## WHAT TO DO:
Copy the lines below word for word, skipping any image.

## RAW DATA:
────────────────
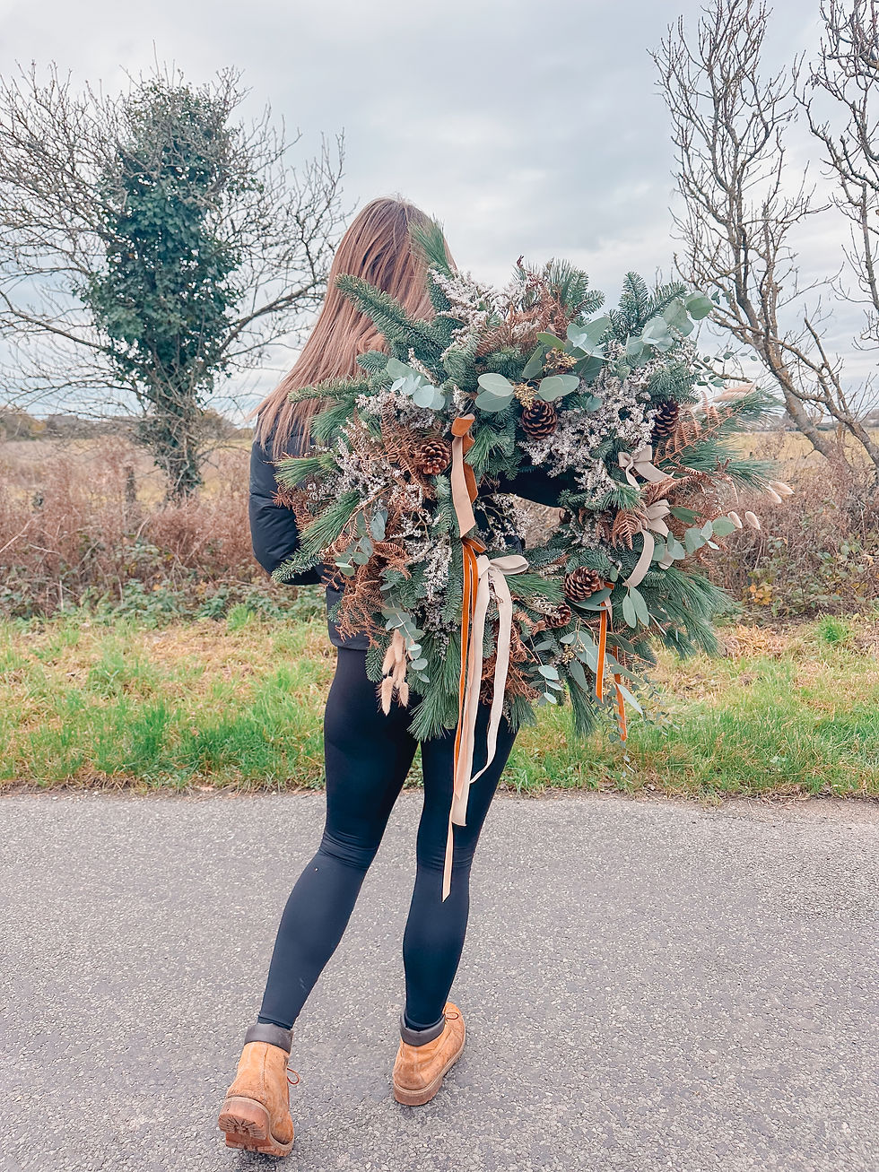 If your dreaming of a cosy white Christmas then this ones the design for you. A beautiful blend of pale green festive foliage, contrasted with rusty toned bracken, white fluffy filler flowers, caramel bunny tails, textured cones and velvet bows in an array of toasted vanilla shades. A cosy warm design with a soft effortless vibe.
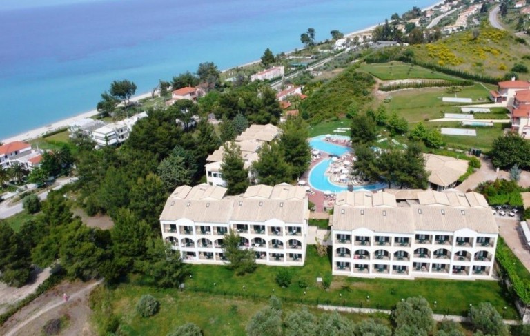 Το ξενοδοχειακό συγκρότημα, -το οποίο, σημειωτέον, βρίσκεται σε πλήρη λειτουργία-, χτίστηκε το 2003, σε έκταση 12 στρεμμάτων, περιτριγυρισμένο από πεύκα και ελιές, μόλις 700 μέτρα από την πολυσύχναστη πλατεία της Χανιώτης και 80 μέτρα από μια όμορφη, βραβευμένη με γαλάζια σημαία παραλία.
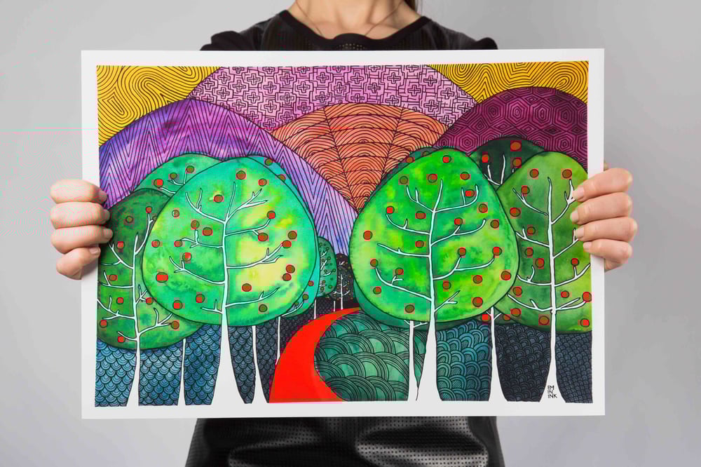 This is a signed giclée print from original ink and watercolour illustration 'Apple Aisle' by Em In Ink.
────────────────
## EXERCISE OUTPUT:
 If your dreaming of a cosy white Christmas then this ones the design for you. A beautiful blend of pale green festive foliage, contrasted with rusty toned bracken, white fluffy filler flowers, caramel bunny tails, textured cones and velvet bows in an array of toasted vanilla shades. A cosy warm design with a soft effortless vibe.
 Το ξενοδοχειακό συγκρότημα, -το οποίο, σημειωτέον, βρίσκεται σε πλήρη λειτουργία-, χτίστηκε το 2003, σε έκταση 12 στρεμμάτων, περιτριγυρισμένο από πεύκα και ελιές, μόλις 700 μέτρα από την πολυσύχναστη πλατεία της Χανιώτης και 80 μέτρα από μια όμορφη, βραβευμένη με γαλάζια σημαία παραλία.
 This is a signed giclée print from original ink and watercolour illustration 'Apple Aisle' by Em In Ink.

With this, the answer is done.